Aux deux grandes œuvres du répertoire lyrique mises à l’affiche de cette trilogie consacrée au personnage de Beaumarchais (Le Barbier de Séville et Les Noces de Figaro), les mélomanes pourront aussi se confronter à une pièce contemporaine dont le livret prolonge les péripéties du héros jusqu’à notre époque. Avec Figaro Gets a Divorce, Genève retrouvera tout d’abord la figure d’Elena Langer, jeune compositrice russe qui avait déjà œuvré en 2013 au Grand Théâtre en adoptant le conte lyrique de César Cui Le Chat Botté. Son univers musical se déploiera à travers un orchestre (le Sinfonietta de Bâle) calqué sur les dimensions et les structures internes imaginées par Mozart. Elena Langer n’a ajouté que quelques touches personnelles, au sein des percussions notamment, ou avec l’introduction d’un accordéon.

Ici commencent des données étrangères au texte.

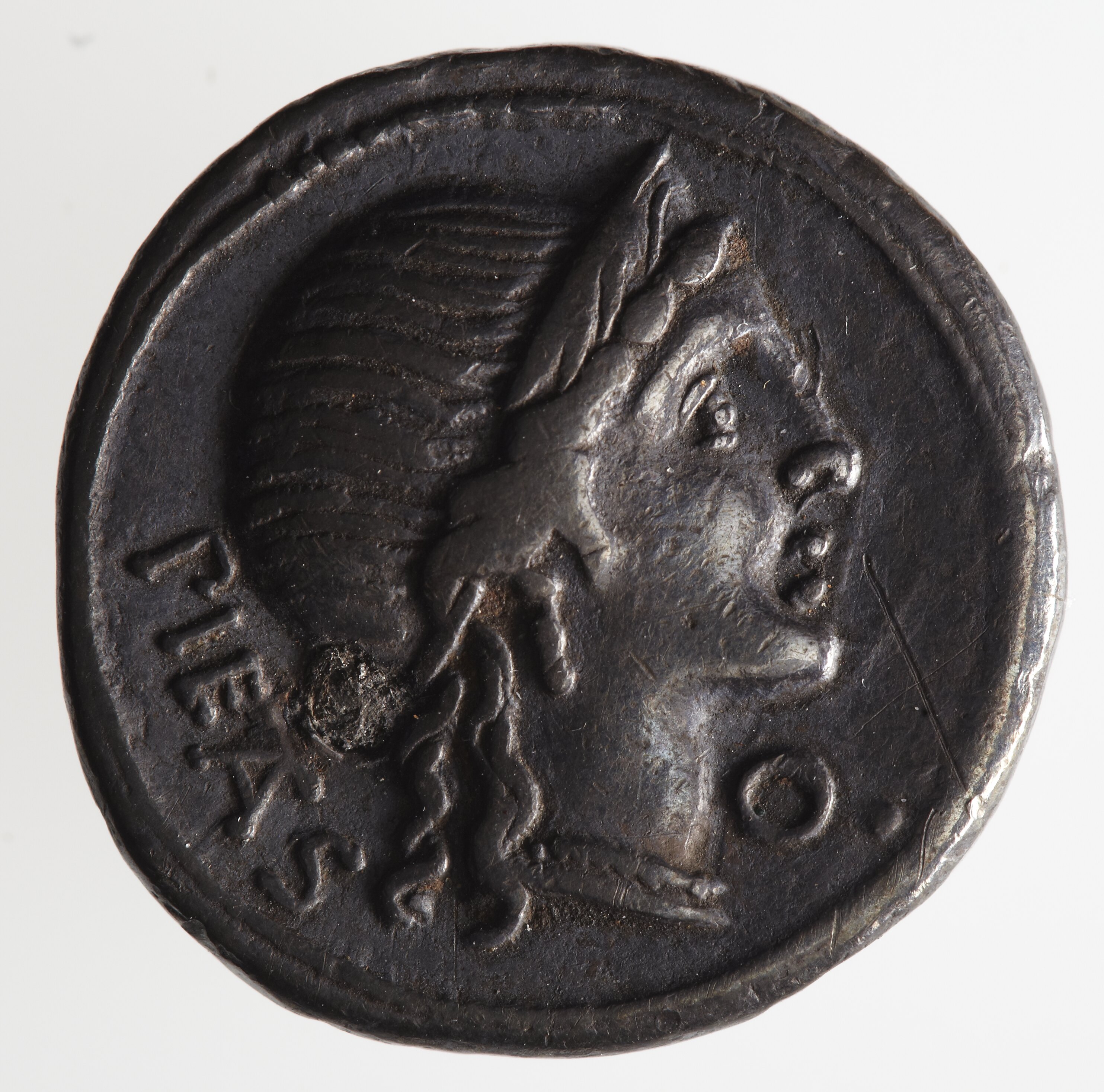 One of the Catanean brothers, Amphinomus or Anapis, running to right carrying their father on his shoulder; behind, M. HERENNI (the coin has been holed and plugged below the father's foot)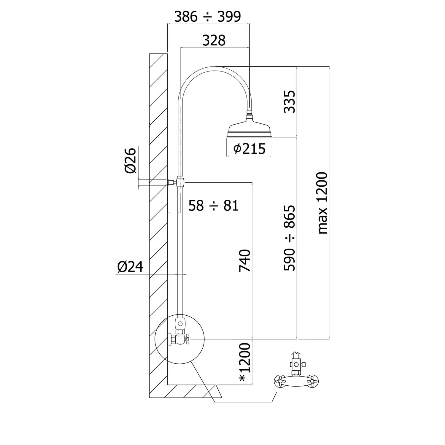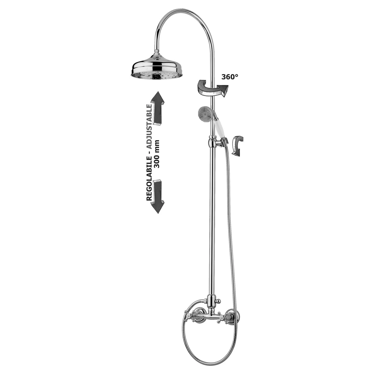 Eigenschaften: Ausladung Standbrause 33 cm Handbrause Retro (Einzelstrahl) Kopfbrause aus Metall Ø 21.5 cm Metall-Flexschlauch 150 cm Das Steigrohr ist fertigungsbedingt nicht kürzbar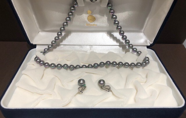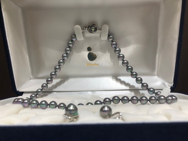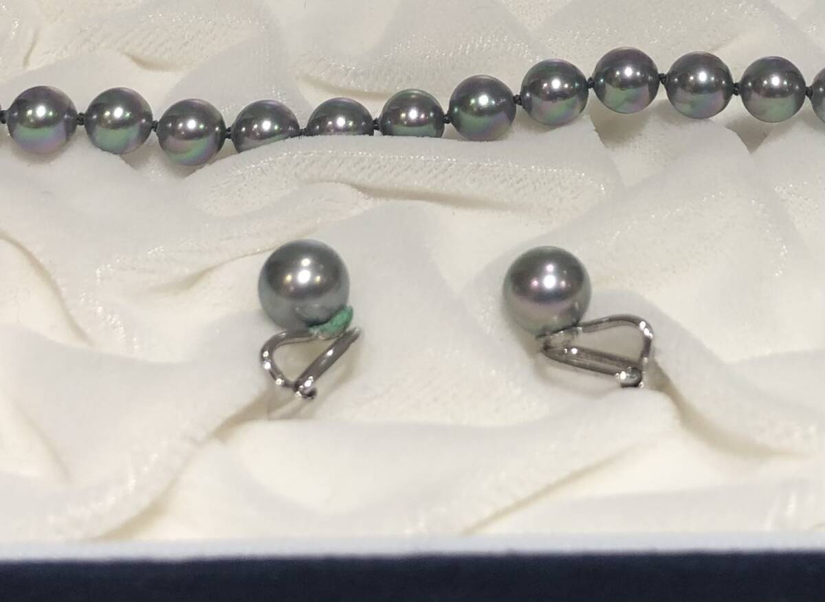 【商品名】#9547A 黒真珠 ブラックパール パール ネックレス イヤリング セット真珠 パール粒:約7mm~8mm 総重量:約28.5g

Et le livret? Il doit sa trame narrative à David Pountney, actuel directeur de l’Opéra national du Pays de Galles et déjà complice d’Elena Langer sur des projets scéniques. Dans ses lignes, on retrouve une émulsion de ce qu’a été le personnage de Figaro, à travers la plume de Beaumarchais, les œuvres de Mozart et de Rossini. Mais son regard s’est rivé aussi vers le dramaturge Ödön von Horváth, dont la pièce Figaro divorce connut un grand succès en Allemagne durant l’entre-deux-guerres. «Figaro Gets a Divorce forme un caléidoscope où on retrouve toutes les étapes du parcours de Figaro, note Tobias Richter. De sa trame se dégage une certaine mélancolie, proche de la tragédie et teinté de mélodrame. On trouve des problématiques tout à fait actuelles, comme la question de l’exil, du franchissement des frontières, qui est considéré comme un délit dans certaines parties du monde. Et à tout cela s’ajoutent des relations humaines qui se brisent et des rêves de jeunesse qui s’effondrent.» R.Z.